» Data extracted from a collection
----

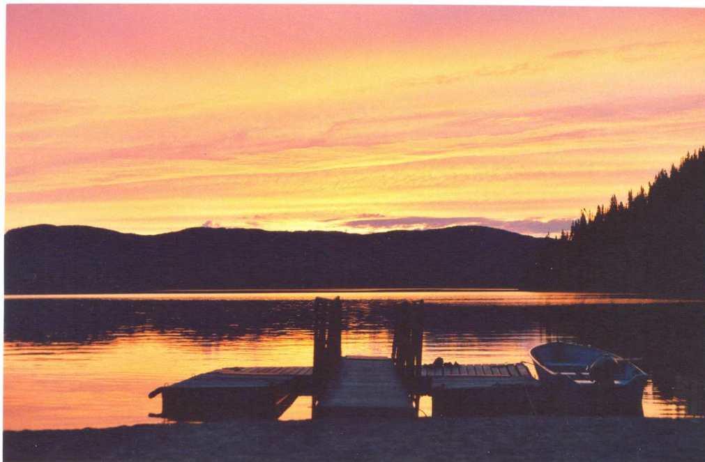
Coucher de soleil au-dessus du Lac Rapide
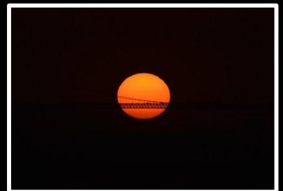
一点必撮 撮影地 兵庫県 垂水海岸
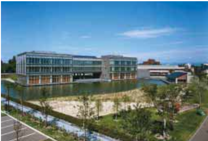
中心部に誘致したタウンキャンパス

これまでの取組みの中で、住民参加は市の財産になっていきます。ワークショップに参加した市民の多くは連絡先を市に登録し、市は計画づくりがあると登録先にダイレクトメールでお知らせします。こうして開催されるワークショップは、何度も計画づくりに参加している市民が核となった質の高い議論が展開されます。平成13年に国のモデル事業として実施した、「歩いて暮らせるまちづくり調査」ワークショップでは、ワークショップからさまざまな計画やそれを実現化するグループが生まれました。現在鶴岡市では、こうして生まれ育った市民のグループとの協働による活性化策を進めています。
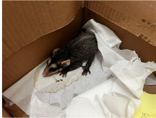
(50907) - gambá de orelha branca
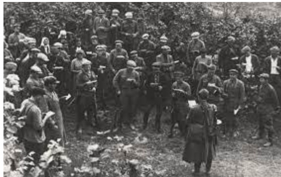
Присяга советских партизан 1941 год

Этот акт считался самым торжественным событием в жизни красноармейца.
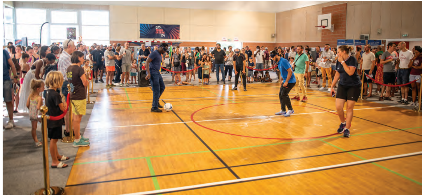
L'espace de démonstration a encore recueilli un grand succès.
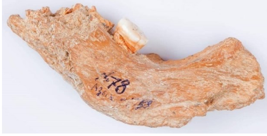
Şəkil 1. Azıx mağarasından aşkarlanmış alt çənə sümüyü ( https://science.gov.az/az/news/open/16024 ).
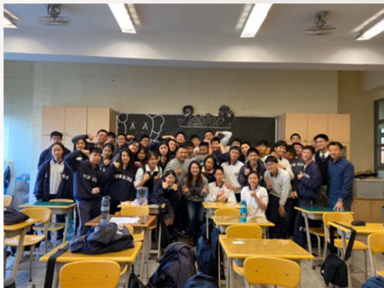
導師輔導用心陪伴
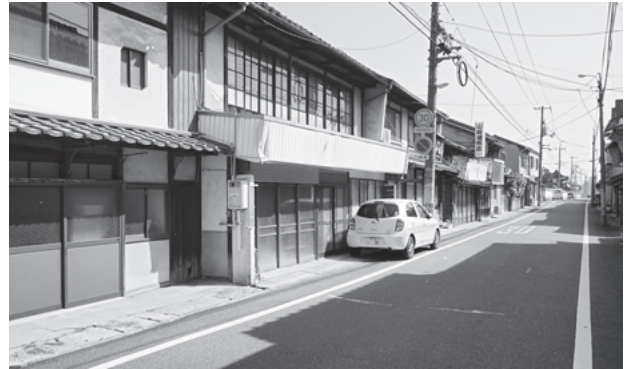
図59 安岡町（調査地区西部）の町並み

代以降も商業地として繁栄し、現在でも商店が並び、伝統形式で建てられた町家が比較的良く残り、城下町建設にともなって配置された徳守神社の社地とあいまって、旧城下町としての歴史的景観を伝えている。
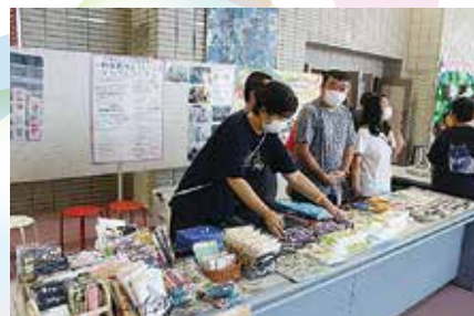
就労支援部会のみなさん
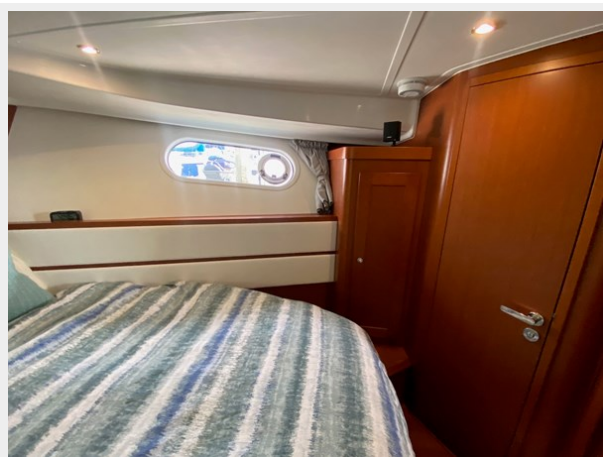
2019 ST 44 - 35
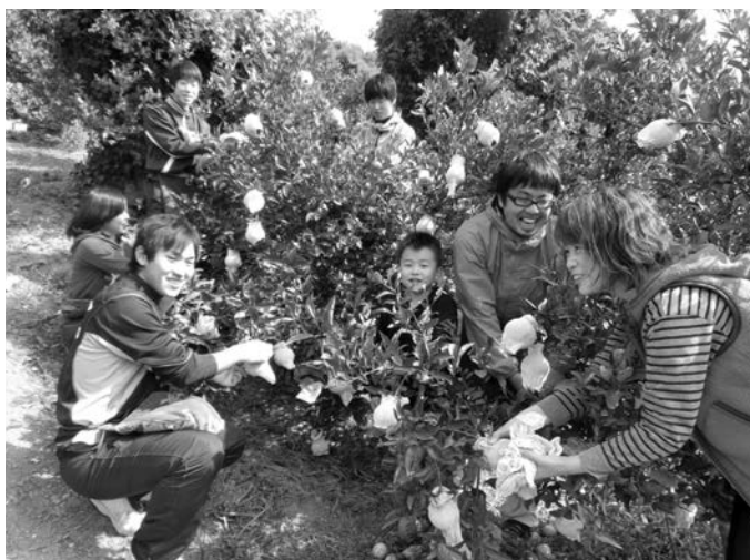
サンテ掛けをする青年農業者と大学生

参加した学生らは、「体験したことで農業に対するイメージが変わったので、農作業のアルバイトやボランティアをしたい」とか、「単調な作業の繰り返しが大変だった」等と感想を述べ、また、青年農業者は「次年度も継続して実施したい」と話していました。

----

Quote exactly, and only, the lines from the one containing "一点必撮 撮影地 兵庫県 垂水海岸" through the last line of the records above, both included; leave out any pictures.

一点必撮 撮影地 兵庫県 垂水海岸
中心部に誘致したタウンキャンパス

これまでの取組みの中で、住民参加は市の財産になっていきます。ワークショップに参加した市民の多くは連絡先を市に登録し、市は計画づくりがあると登録先にダイレクトメールでお知らせします。こうして開催されるワークショップは、何度も計画づくりに参加している市民が核となった質の高い議論が展開されます。平成13年に国のモデル事業として実施した、「歩いて暮らせるまちづくり調査」ワークショップでは、ワークショップからさまざまな計画やそれを実現化するグループが生まれました。現在鶴岡市では、こうして生まれ育った市民のグループとの協働による活性化策を進めています。
(50907) - gambá de orelha branca
Присяга советских партизан 1941 год

Этот акт считался самым торжественным событием в жизни красноармейца.
L'espace de démonstration a encore recueilli un grand succès.
Şəkil 1. Azıx mağarasından aşkarlanmış alt çənə sümüyü ( https://science.gov.az/az/news/open/16024 ).
導師輔導用心陪伴
図59 安岡町（調査地区西部）の町並み

代以降も商業地として繁栄し、現在でも商店が並び、伝統形式で建てられた町家が比較的良く残り、城下町建設にともなって配置された徳守神社の社地とあいまって、旧城下町としての歴史的景観を伝えている。
就労支援部会のみなさん
2019 ST 44 - 35
サンテ掛けをする青年農業者と大学生

参加した学生らは、「体験したことで農業に対するイメージが変わったので、農作業のアルバイトやボランティアをしたい」とか、「単調な作業の繰り返しが大変だった」等と感想を述べ、また、青年農業者は「次年度も継続して実施したい」と話していました。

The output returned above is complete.